When the absurd transmogrified into the lunatic, the system activated the command to self-destruct. The Castle, impregnable from outside, starts collapsing from inside. Two eagle heads tear into each other, only feathers fly. But, strangely enough, the stronger the entropy in the state, the faster everything disintegrates and the easier it becomes to breathe. As if there’s more air. I think that society has lost its fear: the people perceive the government’s inability to keep control of itself as a sign of weakness. Such a state cannot have enough strength for repression. The animal nips of the enraged system have woken people from their hypnosis. Fear and apathy have been replaced by rage.

The Russian state is trying to do too much where it can, and can’t do enough where it matters (see the recent Metro bombings). Between corruption, incompetence,  and contempt, Moscow has managed to alienate vast swathes of its citizens. Overreach – and for no apparent reason other than the power to do so – could end up a catalyst for decentralizing the Russian state.

The further a person is away from power, the better he is. I have seen this for myself in far away Ural villages built by lumberjacks before the Revolution. These villages’ link with civilisation was the only one-track railway in the country. Five years ago the authorities decided to tear down the villages and pull up the one-track railway. People who had been born and grown up in the forests were offered a flat in a high-rise block on the outskirts of the regional centre.

The government’s attempts to ouster the good citizens of the small village went from gentle cajoling to scorched-earth, smoke-’em-out tactics. But people may be starting to fight back. The state’s attempt to overmanage in the Urals is met by a particularly resilient community.

First the trains stopped going there, so food and pensions were not able to get through. There were people in the villages who hadn’t seen money for several years. They baked their bread, fed their cattle, shot game in the hunting season and wanted only one thing: for the state to leave them in peace.  When their electricity was turned off, they used locally improvised materials to build their own hydroelectric station on the river…

As a rule the spectacle of total degradation is depressing, but the people who lived in these autonomous forest villages were completely different. The men were strong – their children had grown up and they were determined to die in the place where they were born. In spite of the hard living conditions, their wives had somehow managed to remain neat and womanly.  Doors were not locked here, as there had been no thieving in these forests for many years.  People moved from one village to another in railcars, a cross between Minsk motorcycles and wagons, on a narrow gauge railway, a construction that was as exotic as it was dangerous.  I was told confidentially that one of the men was on probation. Representatives of the regional administration had come to take up the railway and he had fired a warning shot and then one at their feet … These people were full of dignity. You don’t often see people like that in the cities.

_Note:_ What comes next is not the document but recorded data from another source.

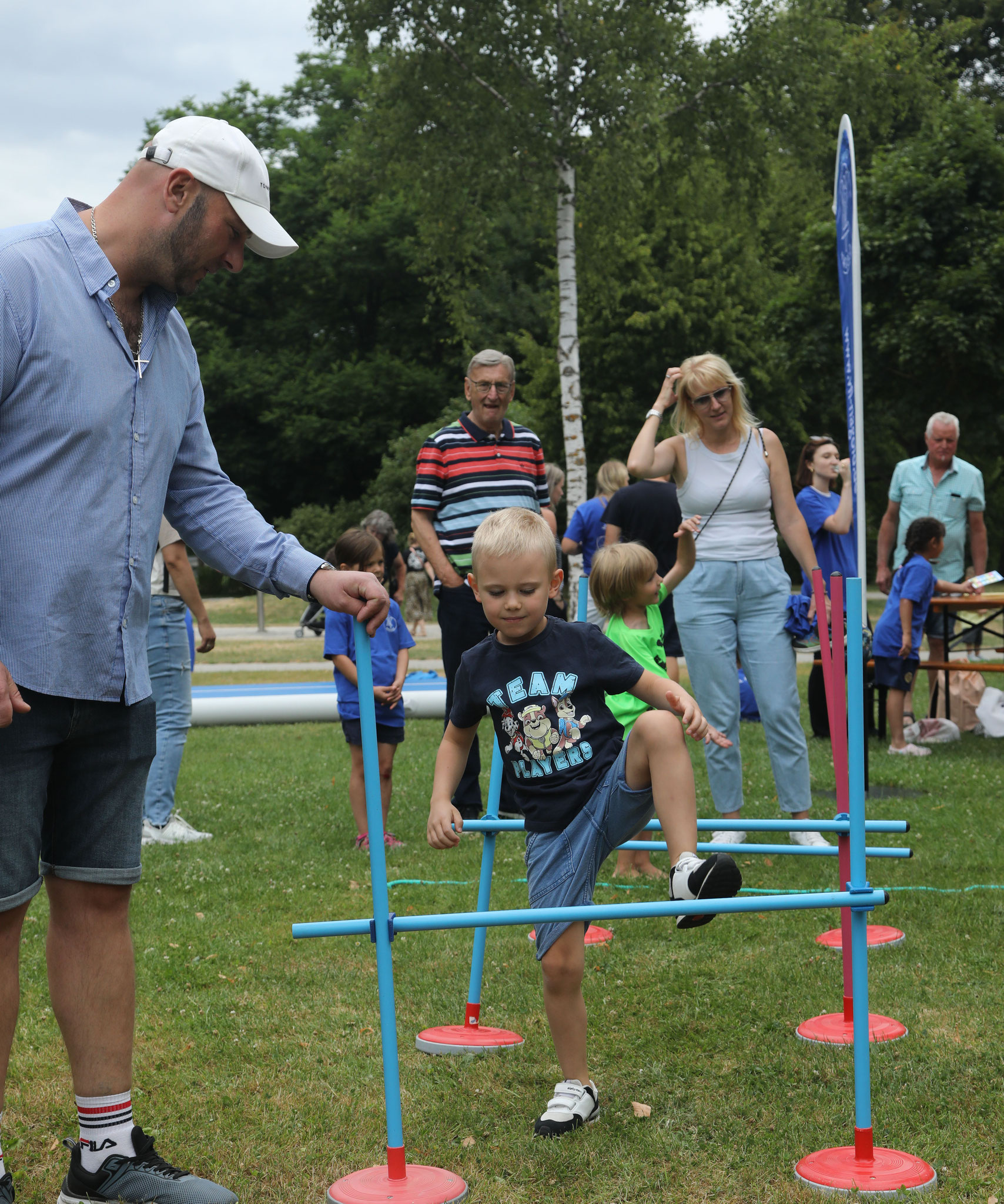 Die wurden von den teilnehmenden Abteilungen des über 1.700 Mitglieder zählenden Sportvereins mit großem ehrenamtlichen Engagement betreut – damit vor allem die Kids richtig Spaß hatten. Und vor allem die Helfer waren froh, dass es dieses Mal nicht ganz so hochsommerlich heiß war wie in den Vorjahren. „Das Wetter ist perfekt zum Sport machen“, stellte beispielsweise VfL-Geschäftsführerin Ulrike Fürgut fest.
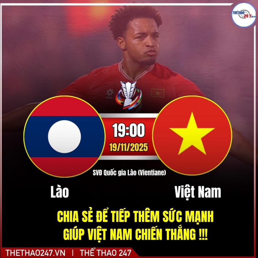 Theo thông báo chính thức từ AFC, LĐBĐ Lào và LĐBĐ Việt Nam, trận đấu giữa Lào và Việt Nam trong khuôn khổ bảng F, vòng loại Asian Cup 2027 sẽ diễn ra vào lúc 19h00 ngày 19/11 trên SVĐ Quốc gia Lào (Vientiane), thay vì ngày 18/11 như lịch ban đầu.
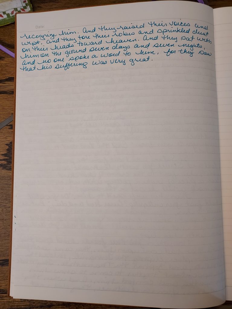 Wow… these men really were his friends. Could you imagine leaving your home and going to a friends house for 7 days, sitting with them , supporting them? Just being next to them. This is a quality I don’t have. I guess that is why these verses jump out at me. They went to support and comfort Job the best way they knew to do. We will see in the next chapters that some comfort is best left without words. Presence is often better than any words that can be said. These men spent 7 days and nights, just in presence. Sadly, I think a prayer or a note is good enough in a time of sorrow. I have often felt that we have lost something in the way of mourning for ourselves and others. I feel I am afraid to show emotions outwardly. The way those in the bible showed mourning seems over dramatic because I am so reserved. I wish I could feel more like David, like Job, like Paul, mostly like Jesus. As I pray for a more tender heart, I have to be able to accept a more tender heart. That is a hard thing for one who is so reserved.
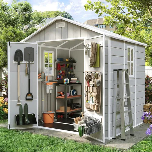 Cobertizo de resina con suelo - Soporta equipos pesados como cortadoras de césped sin hundirse Cuenta con 292.85 pies cúbicos de almacenamiento compacto pero funcional, ideal para cortadoras de césped de empuje, bicicletas, herramientas manuales, suministros de jardín, cojines para exteriores. Funciona bien como una solución de almacenamiento vertical u horizontal eficiente para artículos esenciales diarios al aire libre. Puertas con cerradura - Seguridad para sus herramientas y equipos Espacioso 8 pies x 6 pies. Capacidad de almacenamiento - cobertizo DEMENSION-Profundidad del techo: 78.3 "(profundidad), ancho del techo: 90.9" (L), altura total 88.5" (alto); base del suelo: 85.8" (L) x 74.2" (Ancho); Cobertizo para exterior construido con resina fuerte y con estabilidad reforzada - La resina es un material sintético de alta densidad que es liviano pero excepcionalmente fuerte, superando a la madera que se deforma o se pudre y al metal que se abolla o se oxida. Garantiza durabilidad en todo tipo de clima con un mantenimiento mínimo, proporcionando un almacenamiento duradero al aire libre.
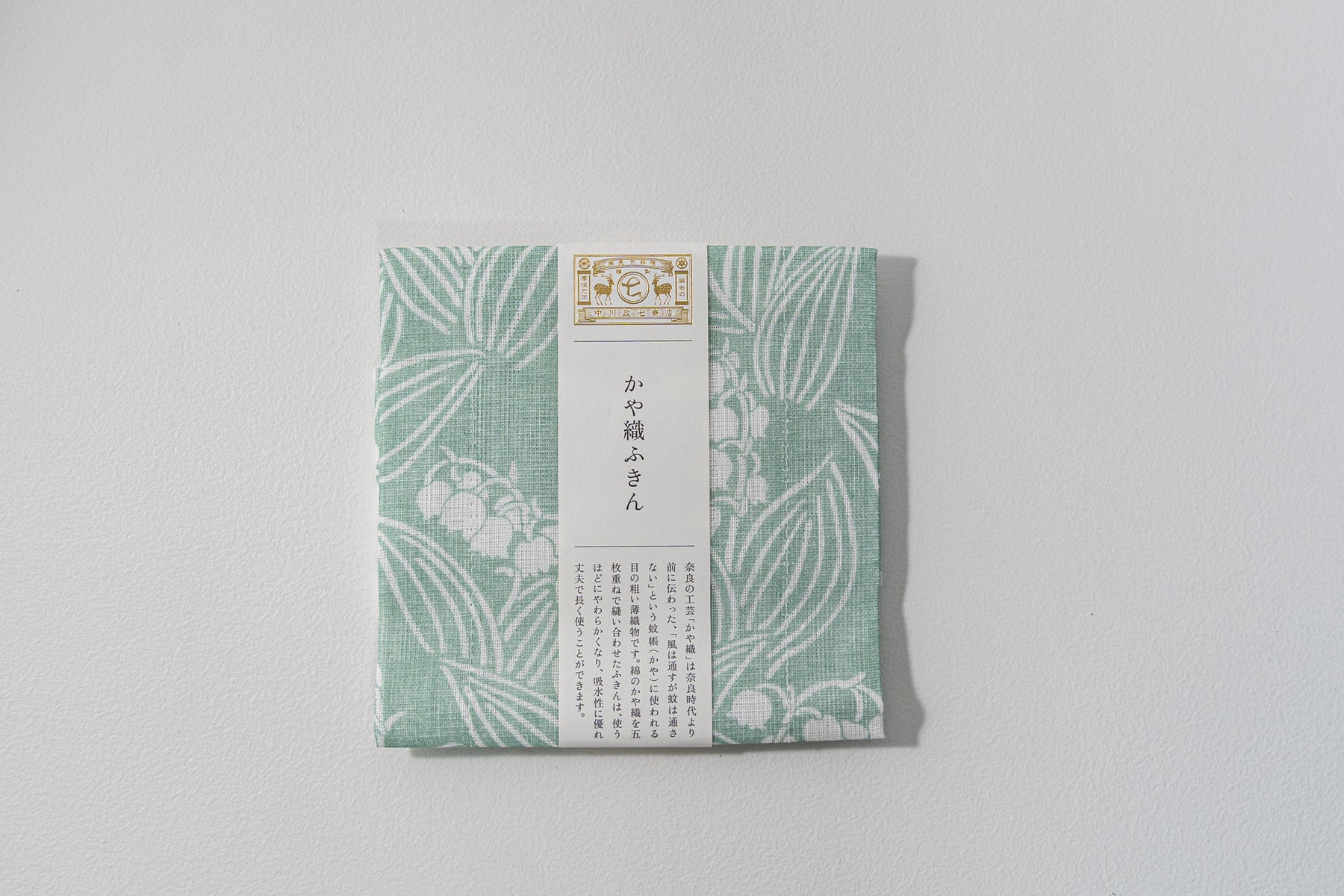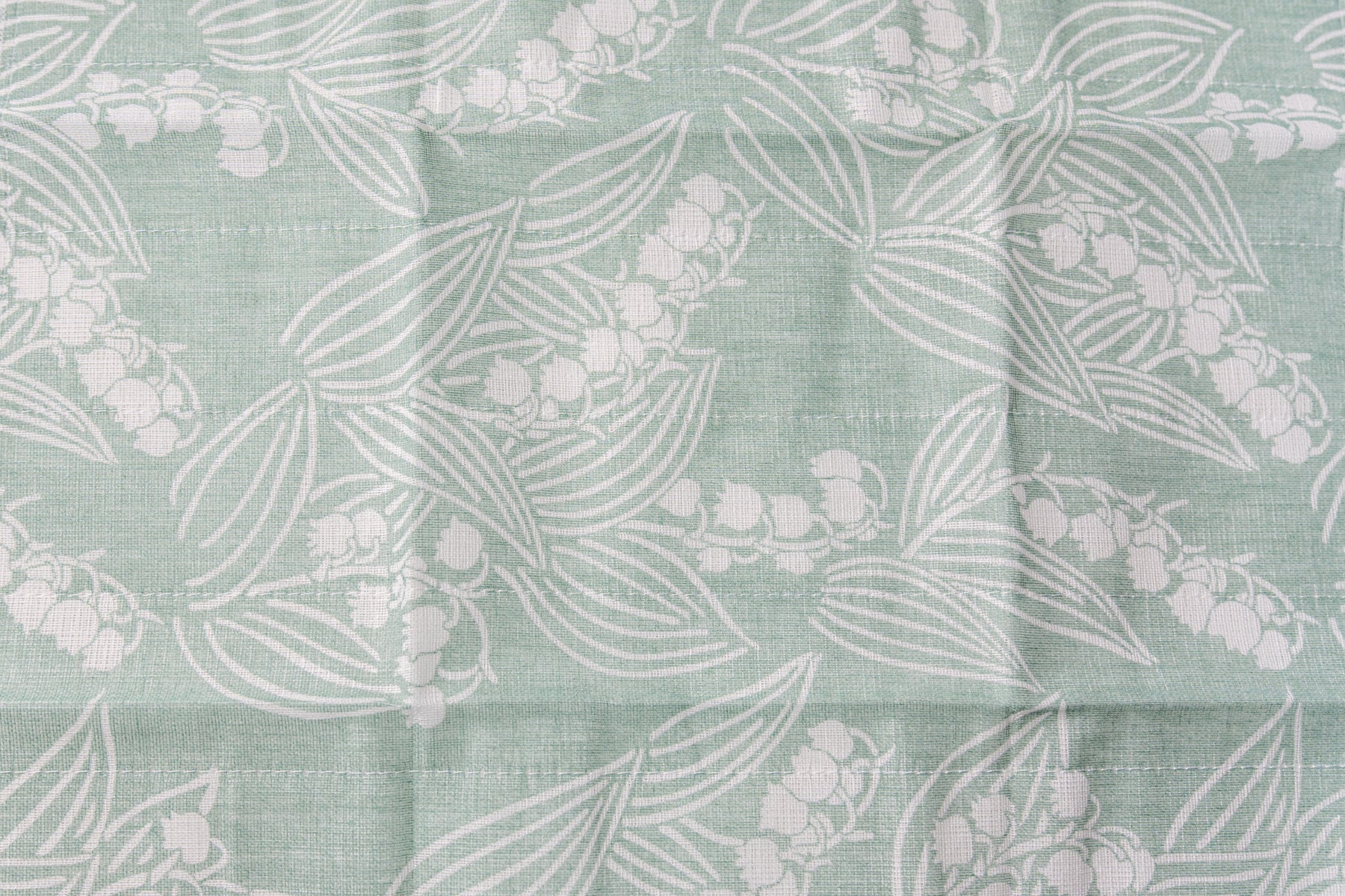 爽やかな青磁色に可愛らしく咲くすずらんんを配したふきん。
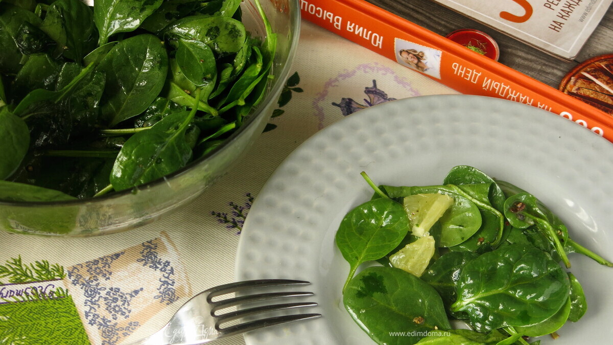 Соединяем лимон со шпинатом, кладем листья мяты, перемешиваем, поливаем маслом, солим, перчим. - Шаг 6
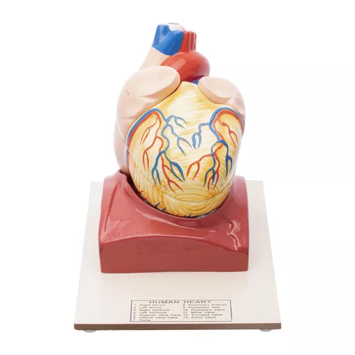 Extra large size and highly detailed model carefully coloured and finished. The heart is cut into 2 parts by a vertical line towards the level of the ventricular septum and separates into 2 parts after the arch of aorta and superior venacava have been removed. Both auricles and ventricles with the bicuspid and tricuspid semilunar valves as well as the sigmoid valves can be seen. Separates in 4 parts. On base with diaphragm and outline of the pericardium, with key card. Size 20cm (width) x 30cm (height)
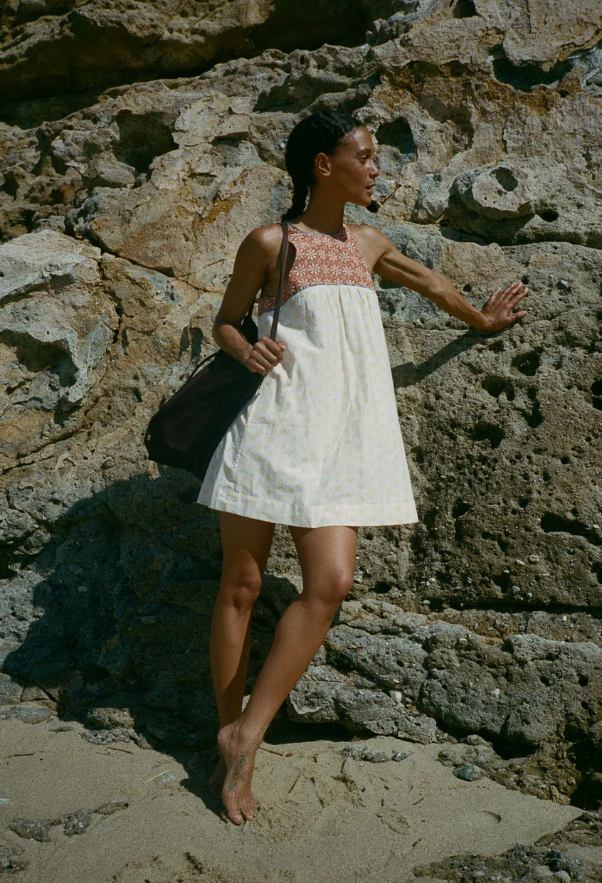 The Eros Dress is a mini length tank style shift dress crafted from cotton voile. This classic silhouette is fun and bright in our Palma print. Pair the Eros dress with our
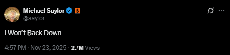 Şirketin kurucusu ve başkanı Michael Saylor ise X üzerinden yaptığı açıklamada kararlılığını yineledi ve geri adım atmayacağını belirtti.
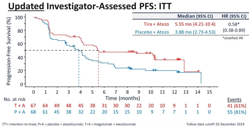 最新随访结果:初步分析后,该研究又进行了6个月的随访(截至2019年12月2日,中位随访10.9个月),在后续6个月随访中,TA组相比PA组患者的ORR(37.3% vs 20.6%)和中位PFS(5.6个月 vs 3.9个月)的优势仍持续存在,与初步分析一致。
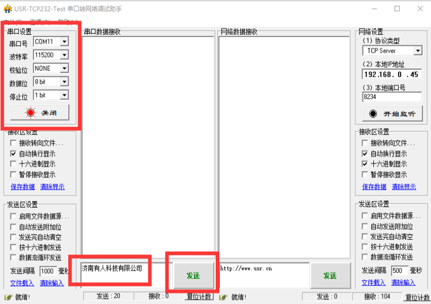 4、重啟后,在串口發(fā)送區(qū)發(fā)送數(shù)據(jù),此時(shí)在服務(wù)器上可以接收到串口發(fā)送的數(shù)據(jù),如圖
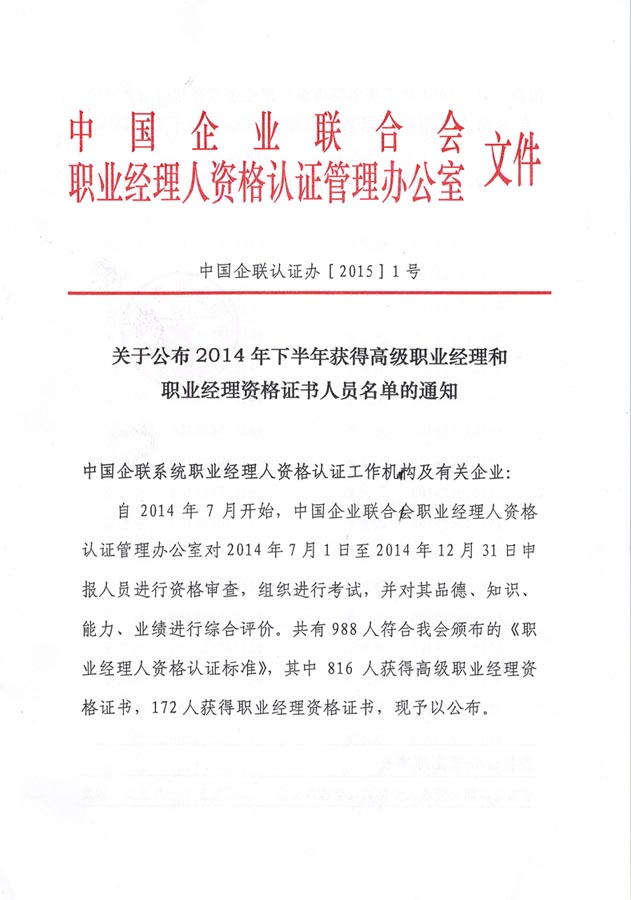 熱烈祝賀我公司劉保國等6位同志獲得職業經理人資格證書
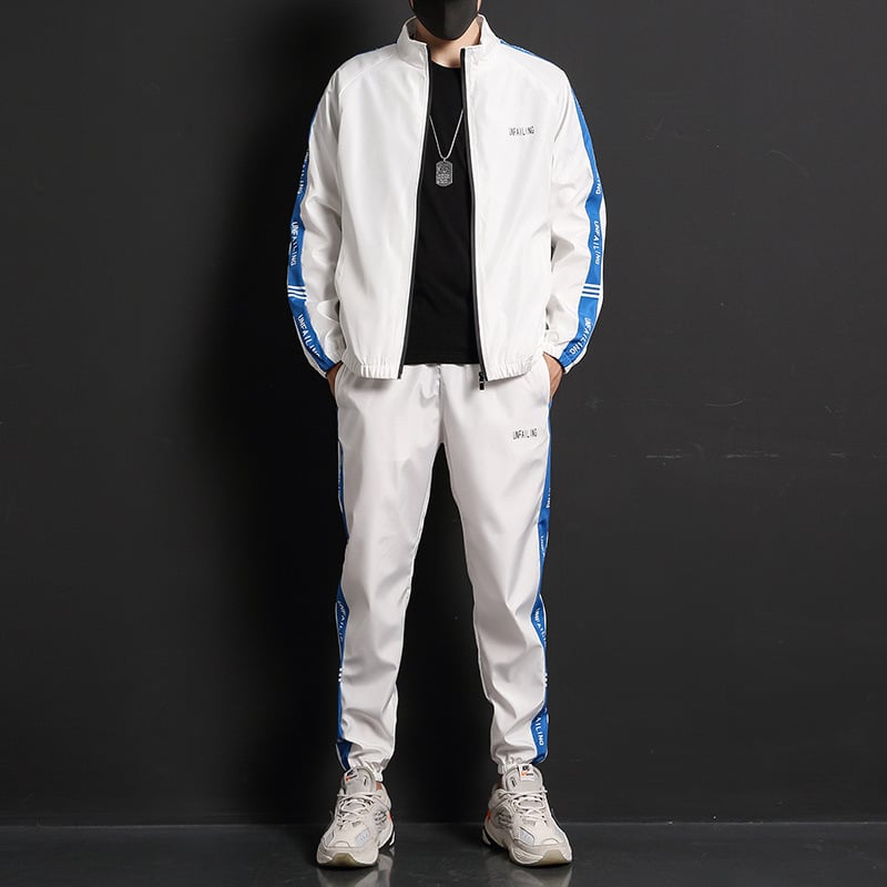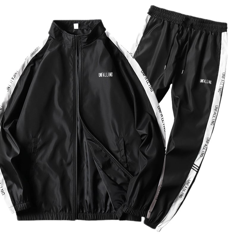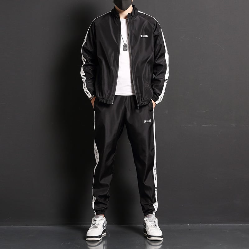 This men's two-piece sportswear set includes a long sleeve zip-up coat paired with matching trousers. Designed for spring, the set features breathable fabric suitable for moderate temperatures. The zip-up coat offers adjustable coverage, and the coordinated trousers support ease of movement. Available in classic colors, this set is intended for both indoor and outdoor activities requiring practical and functional wear.
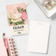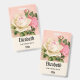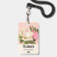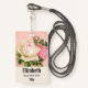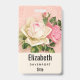 Personalized name badge with a floral rose bouquet with white and pink flowers. Background is pink with a floral pattern. Pretty and elegant design.
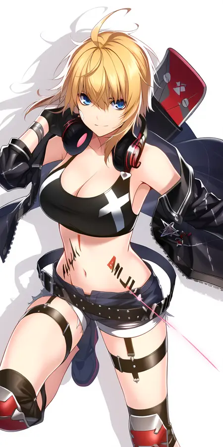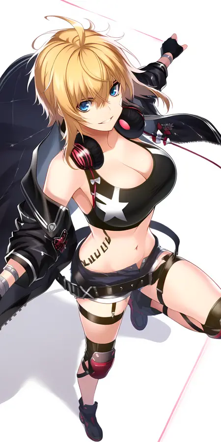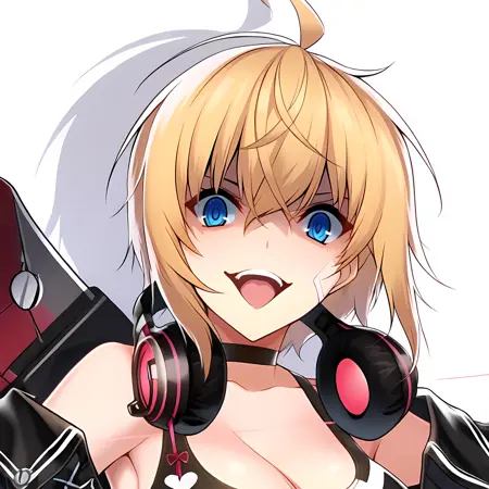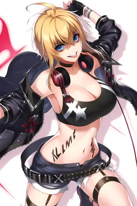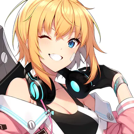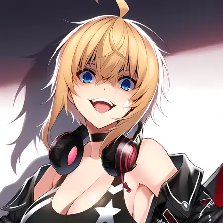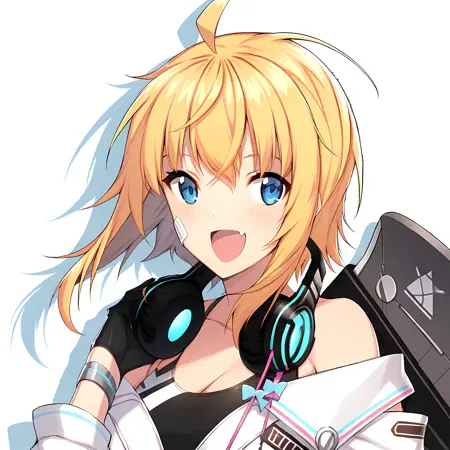 エイミー・ファーストウィングのアクティベーションタグは "amy_firstwing, 1girl, blue eyes, shorts, solo, gloves, jacket, blonde hair, navel, belt, ahoge, open clothes, black gloves, headphones, black jacket, knee pads, fingerless gloves, white background, smile, headphones around neck, open mouth, open jacket, cleavage, midriff, " です。
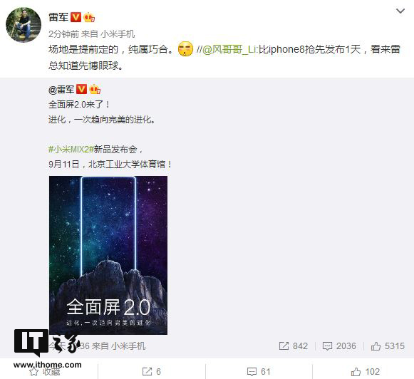 不过真有好事者在微博上询问雷军,“比iPhone8抢先发布1天,看来雷总知道先博眼球。”,而雷军随后也将该评论转发出来,特别表示:“场地是提前定的,纯属巧合。”还配了一个“汗”的表情。
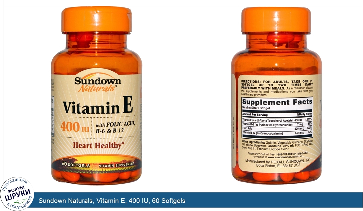 Друзья, если у вас есть отзыв/дополнение/комментарий/вопрос относительно Sundown Naturals, Vitamin E, 400 IU, 60 Softgels - напишите его ответом в эту тему (это будет полезно всему сообществу в целом и вам в отдельности).

Unfortunately, you don’t see a lot of people like that anywhere. I’m not trying to call for revolution or mass uprising, nor do I even want to approach the Teabagger argument that the guvmint is a’comin’ to take away our guns and liberties and force us all into abortions and gay marriages. But nevertheless, something’s on the horizon, and as my new mantra goes: the future is coming, for better or for worse.